Model berlebihan, di sisi lain, tampaknya mirip dengan perspektif
pembelajaran sosial. Meskipun menyoroti sifat nafsu makan dari
kegiatan sebagai dimensi sentral, model berlebihan tidak
menentukan proses nafsu makan ini dan bagaimana hal itu dapat
menjelaskan atau mendasari semua kecanduan dan, pada saat yang
sama, memprediksi kecanduan unik.
Model Ketergantungan dan Perubahan 19

Model Biopsikososial
Ketidakpuasan dengan penjelasan parsial yang ditawarkan oleh model yang
dijelaskan sebelumnya mendorong individu yang bijaksana untuk
mengusulkan integrasi penjelasan ini (Donovan & Marlatt, 1988; Glantz &
Pickens, 1992). Mereka menyoroti integrasi penjelasan biologis, psikologis,
dan sosiologis dengan menyebut model mereka biopsikososial (Buchman,
Skinner, & Iles, 2010).

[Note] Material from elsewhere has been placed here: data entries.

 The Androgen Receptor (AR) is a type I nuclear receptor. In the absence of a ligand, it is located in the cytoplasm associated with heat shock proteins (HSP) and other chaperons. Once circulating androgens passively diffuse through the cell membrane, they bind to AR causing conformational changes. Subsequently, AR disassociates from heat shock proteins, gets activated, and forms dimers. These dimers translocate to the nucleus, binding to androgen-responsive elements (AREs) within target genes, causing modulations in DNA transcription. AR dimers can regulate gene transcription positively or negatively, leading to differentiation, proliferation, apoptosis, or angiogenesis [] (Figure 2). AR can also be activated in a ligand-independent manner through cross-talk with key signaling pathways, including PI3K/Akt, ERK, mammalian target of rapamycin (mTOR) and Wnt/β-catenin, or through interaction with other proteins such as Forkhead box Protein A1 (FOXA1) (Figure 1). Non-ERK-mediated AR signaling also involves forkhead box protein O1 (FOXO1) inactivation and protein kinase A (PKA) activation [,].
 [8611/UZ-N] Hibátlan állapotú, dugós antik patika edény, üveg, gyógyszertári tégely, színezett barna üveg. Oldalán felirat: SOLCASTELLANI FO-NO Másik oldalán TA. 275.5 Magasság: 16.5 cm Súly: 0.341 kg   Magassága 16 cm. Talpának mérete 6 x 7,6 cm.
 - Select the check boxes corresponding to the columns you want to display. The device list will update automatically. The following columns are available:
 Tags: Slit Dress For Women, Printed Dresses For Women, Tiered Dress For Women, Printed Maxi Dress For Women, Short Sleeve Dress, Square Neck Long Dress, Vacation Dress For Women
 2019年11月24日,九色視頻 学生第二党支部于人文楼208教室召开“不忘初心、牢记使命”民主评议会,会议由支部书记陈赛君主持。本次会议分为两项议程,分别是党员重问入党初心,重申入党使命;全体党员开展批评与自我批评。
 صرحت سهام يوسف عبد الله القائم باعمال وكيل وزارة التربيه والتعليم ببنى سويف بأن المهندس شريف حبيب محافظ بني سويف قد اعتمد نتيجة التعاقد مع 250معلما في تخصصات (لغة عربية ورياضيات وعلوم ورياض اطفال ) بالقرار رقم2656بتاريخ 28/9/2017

Model ini mengusulkan bahwa kecanduan paling baik
dipahami sebagai hasil dari pertemuan faktor-faktor yang mewakili tiga
bidang pengaruh yang luas ini dan yang mencakup kecanduan proses seperti
kecanduan seks (Hall, 2011; Samenow, 2010).
Donovan dan Marlatt (1988) berpendapat untuk model
biopsikososial, menyatakan bahwa "kecanduan tampaknya menjadi
produk interaktif pembelajaran sosial dalam situasi yang melibatkan
peristiwa fisiologis seperti yang ditafsirkan, diberi label, dan diberi
makna oleh individu" (hal. 7) . Fitur umum di antara kecanduan dan
ketidakcukupan faktor tunggal apa pun untuk menjelaskan
kecanduan menyoroti perlunya model multikomponen yang lebih
kompleks di seluruh kecanduan. Dengan demikian, berbagai
penyebab, sistem, dan tingkat analisis diperlukan untuk memahami
proses kecanduan (Donovan & Chaney, 1985; Galizio & Maisto, 1985;
Leonard & Blane, 1999; Volkow et al., 2016). Model biopsikososial
berpendapat untuk kausalitas ganda ini dalam perolehan,
pemeliharaan, dan penghentian perilaku adiktif.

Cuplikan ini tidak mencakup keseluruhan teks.